__EXERCISE REQUIREMENTS__. Beginning with the line containing "Disfrute de una" and ending with the line containing "한편, 한솔홀딩스는 장", write out each line of the records below exactly; pictures and lines outside that range are left out.

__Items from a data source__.
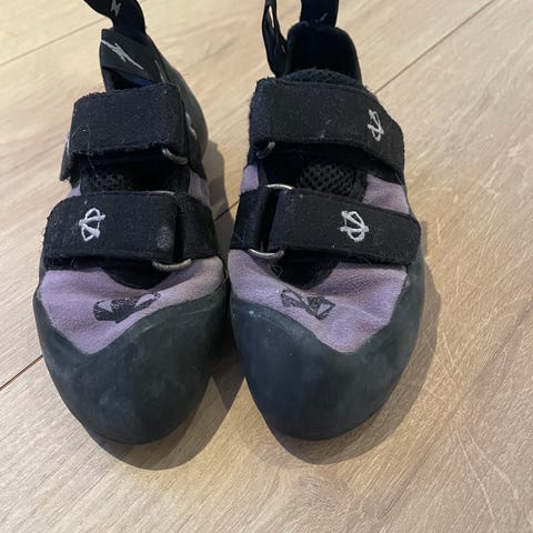 Jeg selger klatreskoene fordi de er for små for meg. Selv har jeg størrelse 45 til vanlig, og bruker ofte klatresko i størrelse 44. Kan hende det ikke var det rette paret for mine føtter, men kanskje for dine?
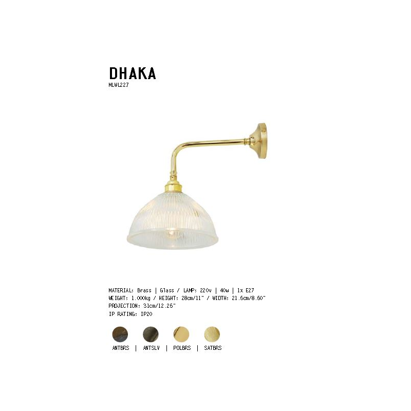 L’applique murale industrielle Dhaka est conçue à partir d’un abat-jour en verre strié qui réfracte la lumière et la fait miroiter, produisant ainsi un éclairage uniforme et chaleureux, sans éblouir. Source de lumière tamisée, elle convient à tout intérieur minimaliste, industriel ou même plus traditionnel.
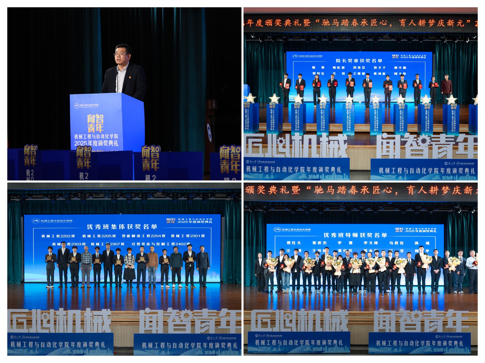 学院党委郝建山正在致辞中系统回首了一年来学院取得的主要成绩。学院积极办事国度计谋,投身深度金属矿智能开采纳配备全国沉点尝试室扶植,并正在环节科研范畴实现标记性冲破,获得国度严沉专项支撑。同时,学院成功引进增材取激光制制范畴领军团队,稳步推进学校新增学位点扶植,为久远成长奠基根本。正在人才培育方面,学院学子表示凸起,研究生学术丰盛,正在“挑和杯”“中国国际大学生立异大赛”等多项赛事中斩获国度级项,结业生就业率持续连结高位,展示了全面成长的优良素养。郝建山阐释了“闻智青年”品牌的育人内涵,勉励全体师生胸怀“国之大者”,将小我成长融入“制制强国”计谋,过硬本事,怯于立异创制,勤奋成为担任平易近族回复大任的时代新人。副院长罗忠表扬决定。颁环节分三轮顺次进行。起首颁布的是“院长章”,刘云飞为毛羽等10名正在专业进修、科技立异、社会实践等方面表示杰出的学生颁布章。随后颁布“优良班集体”项,班导师代表为7个正在班风、学风及凝结力扶植中成效显著的班级颁。最初,仪式聚焦育人一线论理学生代表向获评“优良班导师”的教员们献上鲜花取荣誉证书,表达诚挚感谢感动。“院长章”获得者代表毛羽连系科研竞赛取意愿办事履历,讲述了“道阻且长,行则将至”的成长;“优良班集体”获代表豆煜轩分享了班级凝心聚力、共建优秀学风的活泼经验。正在“闻智匠心 共话青蓝”出格环节,优良班导师马哲伦取所带班级学生代表刘定佳同台交换,从分歧视角展示了师生间思惟引领、学业互帮、讲授相长的温情互动,彰显了育人一线的深挚交谊取结实成效。据悉,“闻智青年”是机械工程取从动化学院出力打制的文化育人品牌。也是典型树立、激励朝上进步的主要平台,旨正在指导全体学生以先辈为楷模,坚想、夯实专业根本、锻制立异能力,勤奋成长为具有家国情怀、全球视野取创制活力的杰出工程人才,为学校“双一流”扶植和高质量成长注入芳华力量。
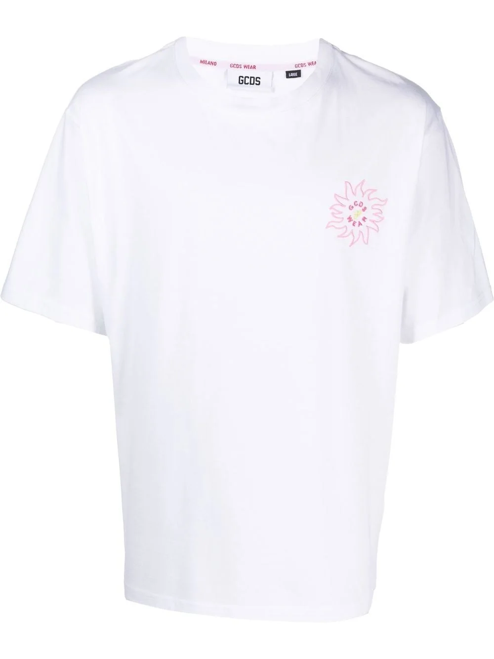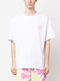 rear logo-print detail T-shirt cloud white cotton logo print to the rear graphic print at the chest round neck short sleeves straight hem Imported Composition Cotton 100% SIZE & FIT Model measurements Height 6 ft 2 in(1.87 m) Bust/Chest 35.82 in(91 cm) Hips 35.43 in(90 cm) Waist 27.95 in(71 cm) FittingInformation This piece fits true to size. We recommend you get your regular size Cut for a loose fit Made with a mid-weight fabric Washing instructions Hand Wash
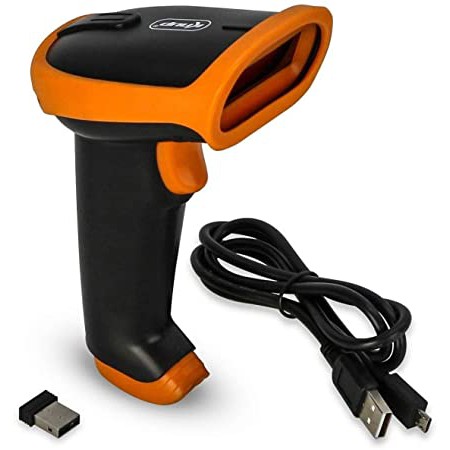 Leitor de Código de Barras Sem Fio a Laser Wireless USB Preto e Laranja 650nm Laser Knup - KP-1018
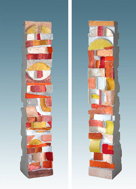 Stele in gesso colorata su due facce con i colori giallo, ocra, arancio e rosso.
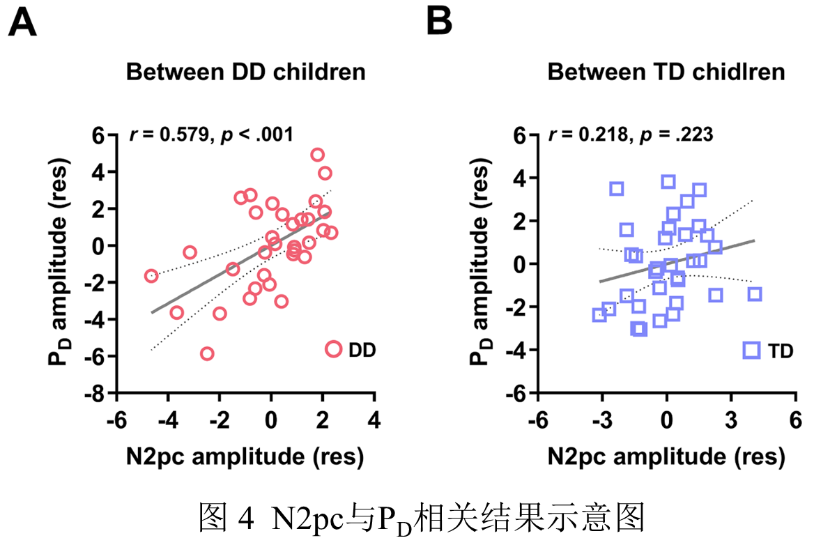 而且,阅读障碍儿童的N2pc和PD表现出显著的正相关,即表现出更大幅度N2pc的个体伴随着更小幅度的PD,而在正常儿童中并没有这一相关(如图4所示)。
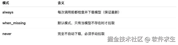 比如当你第一次调用某个模型,SpringAI 会自动帮你触发下载;后面再用,就不会重复拉取。
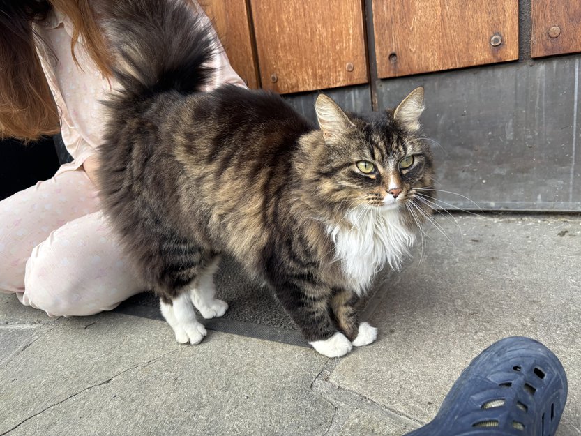 Vi så katten først i går kveld (20.04.25) og når vi står opp i dag ligger den på terrassen. Den er veldig kontaktsøkende.
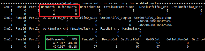 - Confirm the output buffer configuration. usrDepth and BufCntQuota represent the number of buffers available to the application and the total number of buffers respectively. Check whether usrDepth and BufCntQuota are too small, causing buffer retrieval by the application to affect normal AI thread operation.
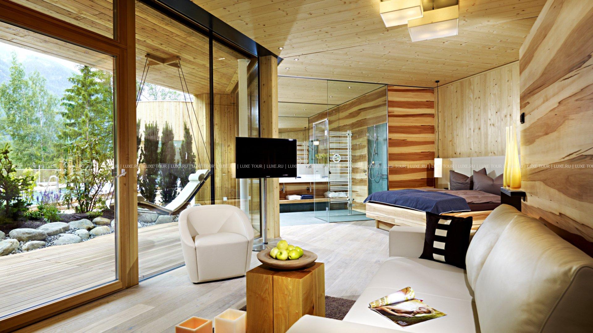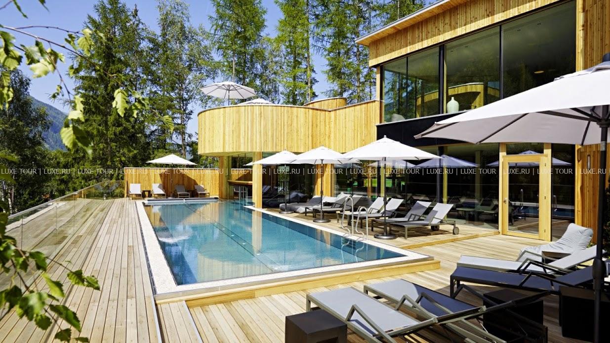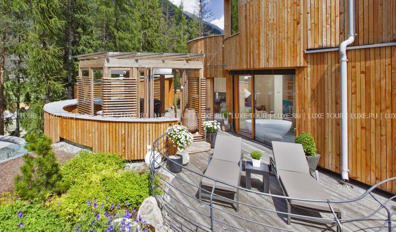 Изящное здание необычной архитектуры Naturhotel Waldklause, построенное из камня, дерева и стекла и отражающее модные тенденции современного дизайна, расположено среди пышного леса, величественных горных склонов и живописной долины Эцталь (Ötztal). В просторных комфортабельных номерах - стильные современные интерьеры, с отделкой из натурального светлого дерева, необычным освещением, удобной дизайнерской мебелью, оригинальными элементами декора, с уютных балконов открывается чудесный вид на окружающие ландшафты. В отеле открыт Оздоровительный/СПА Центр с сауной, био-сауной, парной, СПА ванными, тренажерным залом, солярием, 3 просторными панорамными террасами для принятия солнечных ванн, зоной отдыха, массажными кабинетами, салоном красоты, где предлагается большой выбор услуг с применением косметики DECLÉOR и Kraft der Alpen.
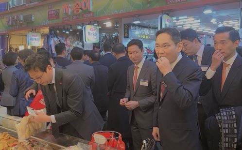 이 회장은 부평깡통시장에서 떡볶이, 어묵 등을 먹고 있는데 한 시민이 "잘 생겼다"고 말하자 입에 손가락을 대며 '쉿'하는 표정을 지어 부산 방문 짤로 화제가 되기도 했습니다.
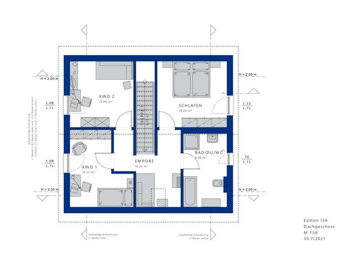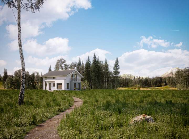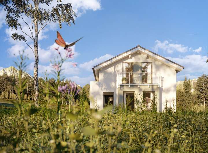 Das Haus ist auf einem realen Baugrundstück geplant oder auf einem Grundstück in einer Planungsphase. Die Bilder zeigen ggf. Extras, die im Rahmen des Bebauungsplans noch geprüft werden müssen.
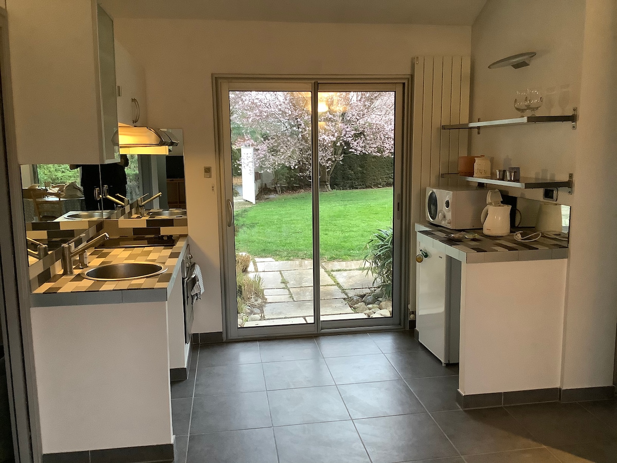 Disfrute de una agradable estancia tranquila en un estudio nuevo en el campo, espacioso, con entrada independiente, situado cerca de la salida A89 (5 minutos), la salida A6 (15 minutos) y el tren TER (a 3 km). - Cocina americana totalmente equipada: nevera, lavavajillas, microondas, placas de inducción, cafetera, hervidor de agua, vajilla - Una cama doble y un sofá cama - Cuarto de baño con ducha italiana y WC privados - 2 televisores y un proyector de vídeo (muchas películas) - Muebles de jardín privado
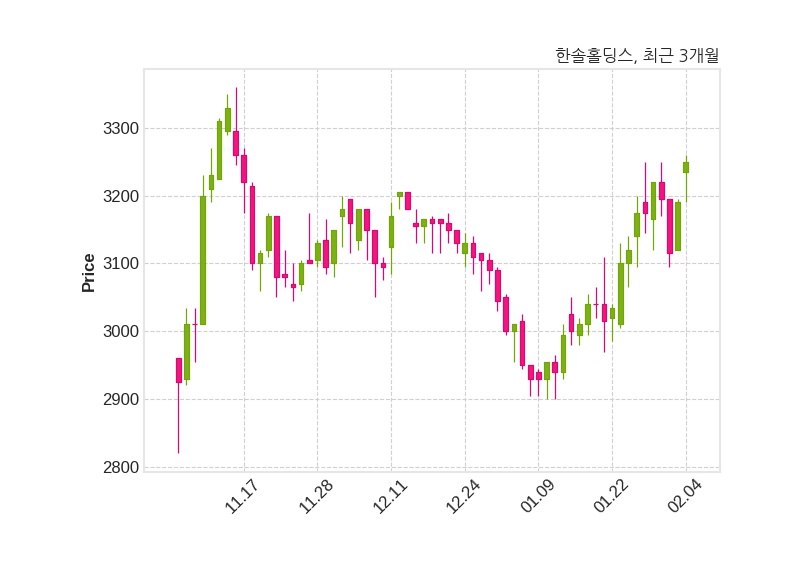 한편, 한솔홀딩스는 장 마감 이후 해당 기업공시를 발표했으며 오늘 종가가 3,250원, 거래량은 133,443주로, 직전 거래일 대비 60원(+1.88%) 상승했다.
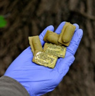 L’appât vaccinal ressemble à un sachet de ketchup verdâtre ou à un ravioli vert kaki, et il dégage une odeur sucrée attirante pour les espèces visées. En raison de sa couleur, il se confond avec l’environnement et il est difficile à repérer pour l’humain. L’appât vaccinal ne contient pas de virus actif et ne peut pas transmettre la rage.
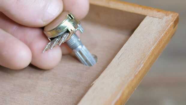 Si se usa un potenciómetro, es perforar un orificio a través de la caja de cigarro donde desea que el botón de volumen para colocarse. Podría ser en la parte superior o en el lado de la caja, siempre y cuando no sea en la forma de utilizar el aparato correctamente. La perilla de plástico debe salga con poca resistencia, permitiendo que el potenciómetro para insertarse en el orificio perforado desde el interior. Una tuerca y una arandela generalmente vienen incluidas por lo que se utilizan para luego fijar el bote en su lugar y presiona la perilla en la parte superior.
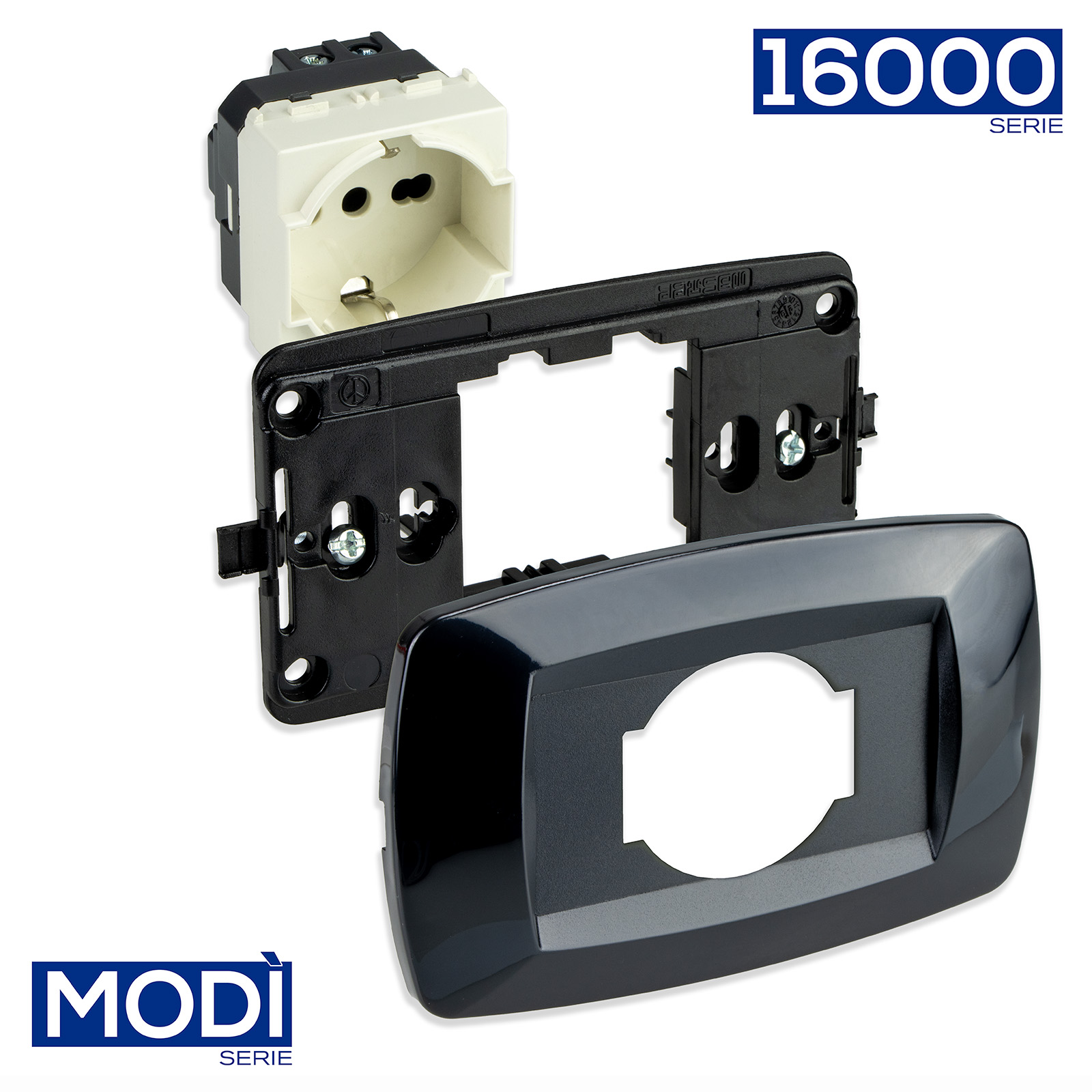 Placca MODÌ con foro centrale per presa universale P40, colore nero
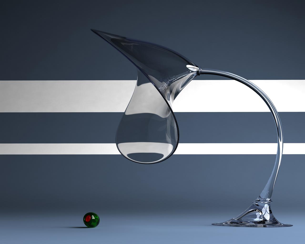 a twisted martini glass w/ olive. modeled with maya, rendered with mental ray.
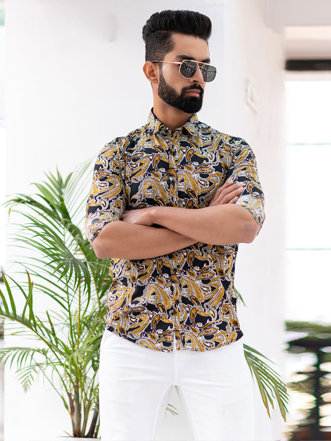 About The Product- This Black Paisley Printed Full Sleeves Crepe Shirt Is Truly Comfortable And Easy To Wear In Every Season, Refresh Your Wardrobe With This Stylish Shirt.
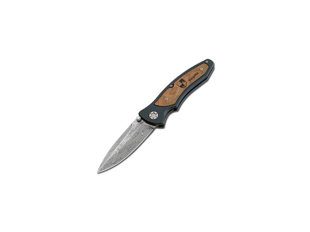 Rukojeť vyrobená z vysoce pevného hliníku AlMgSi1 (s příměsí křemíku, díky čemuž je mnohem kvalitnější než standardní AlMg3) je tvrdě eloxovaná a poskytuje pevný a bezpečný úchop. Oboustranný klip umožňuje nošení ve výklopném nebo sklopném stavu. Pro vložku rukojeti jsme zvolili domácí ořech, který má díky svým vynikajícím vlastnostem dlouhou historii jako střenkové dřevo pro německé pušky. Tato poutavá intarzie je navíc opatřena originálním znakem Tirpitz. Tento nůž v sobě více než jedinečným způsobem spojuje historii, tradici a moderní technologie. Dodává se kompletní v prezentační krabičce s certifikátem pravosti a je sériově číslovaný.
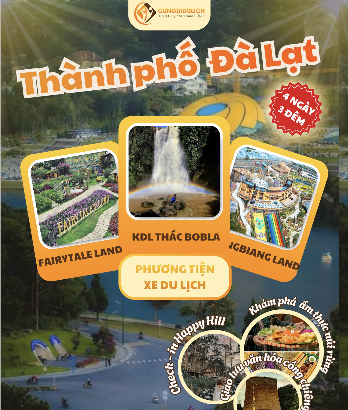 Cùng Đi Du Lịch giới thiệu chương trình Đà Lạt – Happy Hill – Thác Bobla khởi hành thứ 5 hàng tuần.
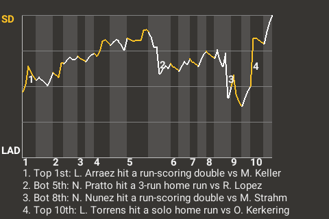 San Diego used the clutch hitting of Luis Torrens to snag the win. The catcher drilled a solo home run in the top of the tenth inning to put the Padres ahead, 5-4. It was his lone hit in 4 at-bats, but it was a crucial one.
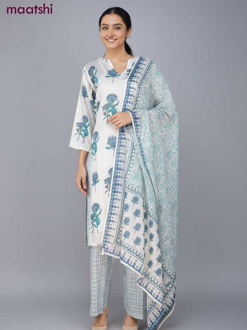Modal readymade umbrella kurti pastel blue with allover prints & beaded work neck pattern without pant Modal readymade umbrella kurti pastel blue with allover prints & beaded work neck pattern without pant
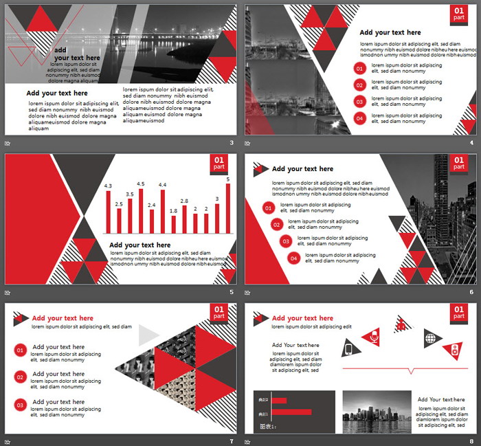 红色欧美三角形排版设计PPT模板

__ANSWER TO THE PROBLEM__.
 Disfrute de una agradable estancia tranquila en un estudio nuevo en el campo, espacioso, con entrada independiente, situado cerca de la salida A89 (5 minutos), la salida A6 (15 minutos) y el tren TER (a 3 km). - Cocina americana totalmente equipada: nevera, lavavajillas, microondas, placas de inducción, cafetera, hervidor de agua, vajilla - Una cama doble y un sofá cama - Cuarto de baño con ducha italiana y WC privados - 2 televisores y un proyector de vídeo (muchas películas) - Muebles de jardín privado
 한편, 한솔홀딩스는 장 마감 이후 해당 기업공시를 발표했으며 오늘 종가가 3,250원, 거래량은 133,443주로, 직전 거래일 대비 60원(+1.88%) 상승했다.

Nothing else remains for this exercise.